Try to hold yourself back from blurting out any responses you hear repeated in arguments for effective listening, especially when engaging in sex talk. Know that these are things that your mind tells you when adrenaline rushes through your veins and that you’re the bigger person than you might have been in the past.
Be fully present, and engage whole-heartedly in the conversation your partner is trying to have with you. Listen to understand, not react, even though it might be the impulse at the moment. Not only will this let you hear your partner out, but it might also even give you time to keep your cool and respond in a mature and kind way.
Remember, listening fully and intently is at the heart of any relationship based on love, care, and support.
Learn to Empathize with your Partner
It takes a lot of courage to be open and honest about things that might be unpleasant or uncomfortable to discuss. When your partner decides to open up to you about the difficulty they’re facing, they are coming to you from a position of vulnerability and realness.
To be a kind partner and to practice effective listening, you must respect that vulnerability and learn to empathize with your partner.

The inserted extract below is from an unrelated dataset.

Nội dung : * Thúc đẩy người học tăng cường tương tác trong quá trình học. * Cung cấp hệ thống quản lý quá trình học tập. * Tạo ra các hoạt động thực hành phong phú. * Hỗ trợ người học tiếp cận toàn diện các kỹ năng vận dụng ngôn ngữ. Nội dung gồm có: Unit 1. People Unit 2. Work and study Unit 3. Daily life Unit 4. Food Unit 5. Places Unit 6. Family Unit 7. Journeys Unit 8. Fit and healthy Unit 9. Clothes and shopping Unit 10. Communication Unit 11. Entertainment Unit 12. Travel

Perhaps this is just as difficult for them to talk to you about as it is for you to hear it. In such situations, hurt can quickly become the only emotion that is felt, and the natural response is to react and respond instantly – to try to get the last word in. Hearing your partner out can be difficult, but it is a very important step towards cultivating openness and encouraging your partner to share their thoughts and feelings with you. This is needed for a stable, healthy, and loving relationship – without a solid foundation like this, your relationship can quickly turn sour, and moments can get heated.
Empathizing with your partner can not only make it easier for the two of you to deal with an issue, but it can also make your partner feel more important and like they are a more significant part of your life. It is a good way to reaffirm your love and commitment to your partner’s relationship; you are putting effort into how to be a better listener in a relationship, and it will pay off!

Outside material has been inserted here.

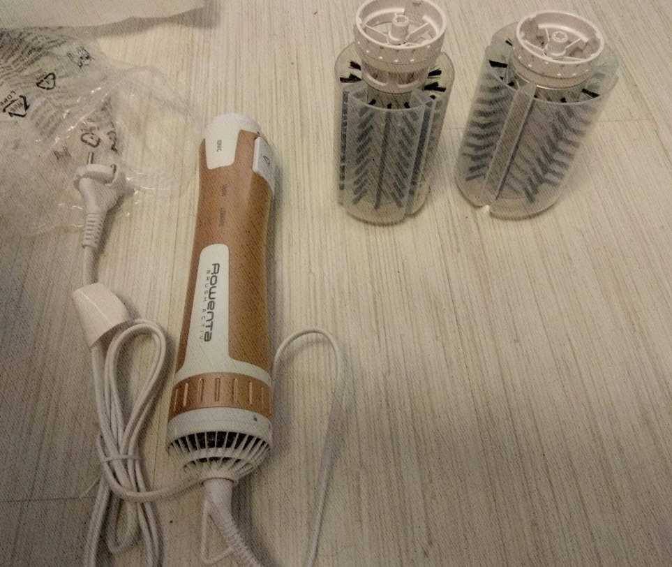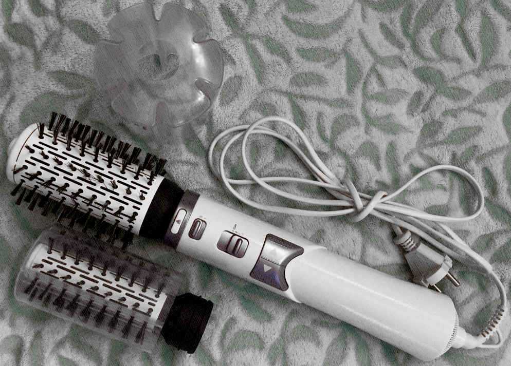 Модель с двумя круглыми насадками разного диаметра, бережно относится к волосам за счет керамических пластин и натурального ворса. Фен-щетка получила 3 температурных режима, 2 скорости обдува и автоматическое вращение. Мощность двигателя – 1 кВт, длина шнура – 1,8 метра, вес – 0,6 кг. Устройство отличается продуманной эргономикой и удобным управлением.

Ask Questions for Clarity!
One way of engaging honestly and openly, and with an open heart and mind, is to ask questions when you and your partner have a conversation. Listen intently, and if you find yourself confused, or want more details for clarity, feel free to ask your partner questions which they can respond to so you can understand the issue at hand. Remember that this is not just so you can respond and react to what your partner is saying – the tip about not reacting still holds, but this is more about genuinely wanting to embrace the suggestions made by your partner by clearing up any confusion you might have.
This can help you avoid arguments because of miscommunication or misunderstanding, or even when sometimes you’re unable to catch exactly what the other person is saying. Learning how to be a better listener is easy, as long as you keep these tips and tricks in your mind and are cognizant of the need to be present through the conversation.

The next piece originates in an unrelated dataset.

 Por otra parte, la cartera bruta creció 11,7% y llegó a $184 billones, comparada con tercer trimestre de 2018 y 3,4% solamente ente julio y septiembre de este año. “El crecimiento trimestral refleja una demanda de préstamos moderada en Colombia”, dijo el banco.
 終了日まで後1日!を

The next thing you’re going to have to do for effective listening and for how to be a better listener in a relationship is to really try and focus on what your partner is saying to you. If they are making suggestions for you to change the way you act or behave, try to maintain your attention by putting your phone away and letting go of other distractions, just for the time period that you and your partner talk.
This shows that you are willing to be an effective listener and will help you keep your concentration, allowing you to listen more effectively and be a better listener as you will grasp more of what your partner is saying to you. It will also let you understand better. In itself, it can be very rewarding – better understanding the issue at hand is one of the first steps to resolving conflict in relationships. It makes you more equipped to respond to a difficult situation.